- Problem to work on -
The material below holds pictures, which are to be left out; copy exactly the lines from the one with "Interessante porseleinen mok" through the one with "- Outside : chalet".

- Data in this exercise -
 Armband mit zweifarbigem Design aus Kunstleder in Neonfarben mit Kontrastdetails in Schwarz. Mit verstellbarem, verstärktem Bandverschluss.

* * *

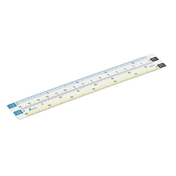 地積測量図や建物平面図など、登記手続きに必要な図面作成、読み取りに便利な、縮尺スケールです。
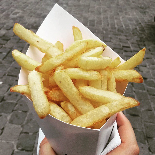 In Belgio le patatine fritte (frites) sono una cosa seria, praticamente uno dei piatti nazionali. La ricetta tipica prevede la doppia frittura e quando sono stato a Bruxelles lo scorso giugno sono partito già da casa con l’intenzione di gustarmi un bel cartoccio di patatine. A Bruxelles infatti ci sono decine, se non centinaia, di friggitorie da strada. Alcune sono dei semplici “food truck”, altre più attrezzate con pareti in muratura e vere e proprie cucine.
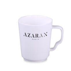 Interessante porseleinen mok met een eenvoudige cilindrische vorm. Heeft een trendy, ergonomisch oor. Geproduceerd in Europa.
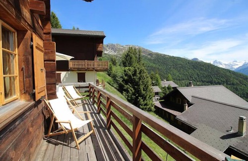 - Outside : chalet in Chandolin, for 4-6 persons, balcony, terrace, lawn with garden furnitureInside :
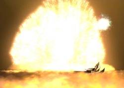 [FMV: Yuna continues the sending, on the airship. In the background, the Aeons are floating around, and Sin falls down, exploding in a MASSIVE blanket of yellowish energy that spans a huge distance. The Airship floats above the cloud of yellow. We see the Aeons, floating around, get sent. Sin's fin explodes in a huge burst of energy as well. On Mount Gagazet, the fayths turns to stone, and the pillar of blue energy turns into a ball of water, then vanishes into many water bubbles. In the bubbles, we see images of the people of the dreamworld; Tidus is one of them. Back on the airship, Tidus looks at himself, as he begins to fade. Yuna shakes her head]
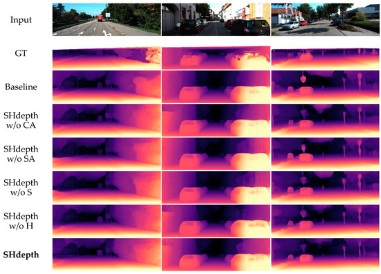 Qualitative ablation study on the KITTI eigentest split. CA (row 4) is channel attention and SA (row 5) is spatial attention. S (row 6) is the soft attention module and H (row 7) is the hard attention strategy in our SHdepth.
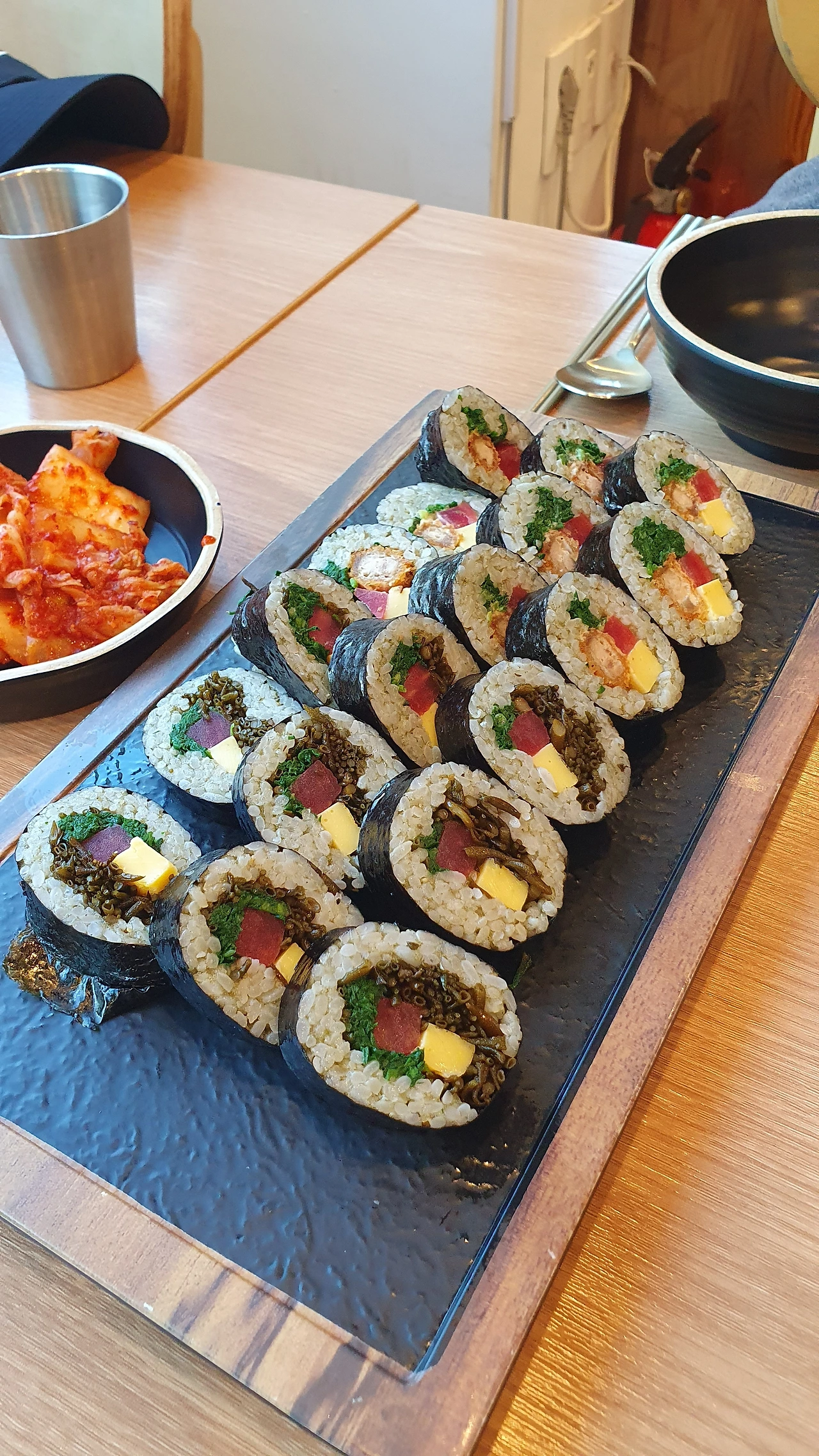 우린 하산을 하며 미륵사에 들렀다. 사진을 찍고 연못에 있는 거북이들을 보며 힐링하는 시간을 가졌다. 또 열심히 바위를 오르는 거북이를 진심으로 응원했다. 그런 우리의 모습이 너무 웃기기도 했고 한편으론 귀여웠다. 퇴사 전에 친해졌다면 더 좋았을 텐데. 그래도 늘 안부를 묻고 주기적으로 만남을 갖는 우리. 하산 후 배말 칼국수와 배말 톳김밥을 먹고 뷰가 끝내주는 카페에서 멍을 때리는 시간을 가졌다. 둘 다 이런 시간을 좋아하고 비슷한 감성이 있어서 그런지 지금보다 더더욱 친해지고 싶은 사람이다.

- Answer box -
 Interessante porseleinen mok met een eenvoudige cilindrische vorm. Heeft een trendy, ergonomisch oor. Geproduceerd in Europa.
 - Outside : chalet in Chandolin, for 4-6 persons, balcony, terrace, lawn with garden furnitureInside :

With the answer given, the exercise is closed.